Differential equation $y''+y=\tan(x)$

Question

Given the following differential equation: \begin{align} y''+y=\tan(x) \end{align} I tried this way: \begin{align} y_H(x)=A\cos(x)+ B\sin(x)\\ A,B\in \Re \\ y_p(x)=A(x)\cos(x)+B(x)\sin(x) \end{align} I continue with the Wronski method \begin{align} W(F)= \begin{bmatrix} \cos(x) & \sin(x) \\ -\sin(x) & \cos(x) \end{bmatrix}\\\\ det \ W(F) = 1 \neq 0 \end{align} So is invertible \begin{align} W(F)^{-1}= \begin{bmatrix} \cos(x) & -\sin(x)\\ \sin(x) & \cos(x) \end{bmatrix}\\\\ \end{align} Now since: \begin{align} W(F) \cdot\begin{bmatrix} A'(x) \\ B'(x) \end{bmatrix}= \begin{bmatrix} 0 \\ b(x) \end{bmatrix}\\\\ \begin{bmatrix} A'(x) \\ B'(x) \end{bmatrix}= \begin{bmatrix} \cos(x) & -\sin(x) \\ \sin(x) & \cos(x) \end{bmatrix} \cdot \begin{bmatrix} 0 \\ \tan(x) \end{bmatrix}\\\\ B'(x)= \cos(x) \tan(x)=\sin(x) \\ B(x) = -\cos(x)\\\\ A'(x) = -\sin(x)\tan(x)\\ A(x) = -\int \sin(x) \tan(x) dx = \cos(x)\tan(x) - \int \frac{1}{\cos(x)} dx= \\ = \sin(x) - \frac{1}{2} \log{\frac{1+sin(x)}{1-\sin(x)}}\\\\ y_p(x)=A(x)\cos(x) + B(x)\sin(x) = \\\\ = \sin(x)\cos(x) - \frac{1}{2}\cos(x) \log{\frac{1+sin(x)}{1-\sin(x)}} + -\cos(x)\sin(x)= \\\\ - \frac{1}{2}\cos(x) \log{\frac{1+sin(x)}{1-\sin(x)}} \end{align} So now the linear combination of the two solution should be \begin{align} y(x)= A\cos(x) + B\sin(x) - \frac{1}{2}\cos(x) \log{\frac{1+sin(x)}{1-\sin(x)}} \end{align} but the correct solution is \begin{align} y(x)= A\cos(x) +B\sin(x) + \cos(x) \log\left(\frac{\cos(\frac{x}{2})-\sin(\frac{x}{2})}{cos(\frac{x}{2})+sin(\frac{x}{2})}\right) \end{align} Is my solution wrong?

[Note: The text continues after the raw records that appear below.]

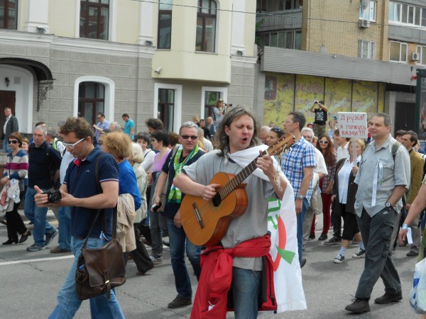 Для меня открытием сегодняшнего дня был вот этот «яблочник», плечи которого были обняты нашим партийным флагом. Наш бард задавал темп «яблочной» колонне, распевая такие вот лозунги: «Пу-у-утин должен уйти, хэй-хэй! Явлинский должен прийти, хэй-хэй!», «Собя-я-янин должен уйти, хэй-хэй! Митрохин должен прийти, хэй-хэй!». Он же пел Высоцкого, Окуджаву. Люди с интересом слушали и присоединялись, шли по бокам колонны «ЯБЛОКА». А когда вышли на Болотную площадь, раздалось: «Нам дворцов заманчивые своды не заменят никогда свободы …» Это и есть главный «яблочный» лозунг.
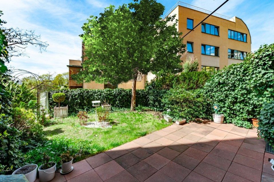 Prodej prostorného bytu 2+kk s terasou a předzahrádkou se vzrostlou zelení, s garážovým stáním a sklepem v atraktivní a klidné Rezidenci Zvonařka na Královských Vinohradech s recepcí, 24 hod ostrahou, vnitřním bazénem, terasou s neopakovatelnými výhledy na Prahu a privátním upraveným parkem ve vnitrobloku.
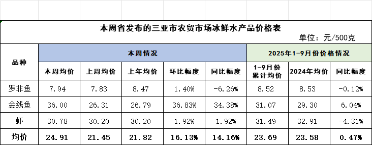 我市本周冰鲜水产品零售均价24.91元/500克,环比、同比分别上涨16.13%、14.16%。2025年1-9月份冰鲜水产品累计零售均价23.69元/500克,较2024年价格基本持平。
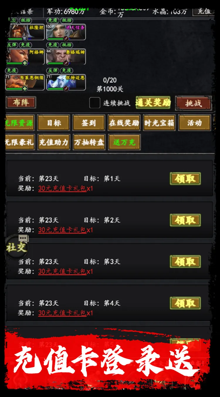 礼包详情:水晶(99999),豪华军功礼包(5),进阶丹(1000),升星丹(500)

If yes where I did the mistake? Is my solution right? How can I get the other form? What steps I need to do?

Answer 1

Your solution is correct just note that $(\sin(x/2)\pm \cos+x/2))^2=1\pm \sin(x)$. Now use the log property that $\log(a^b)=b\log(a)$ and you are done. And if you are confused with the discrepancy of plus and minus sign before the log expression we have $\log(\frac{1}{x})=-\log(x)$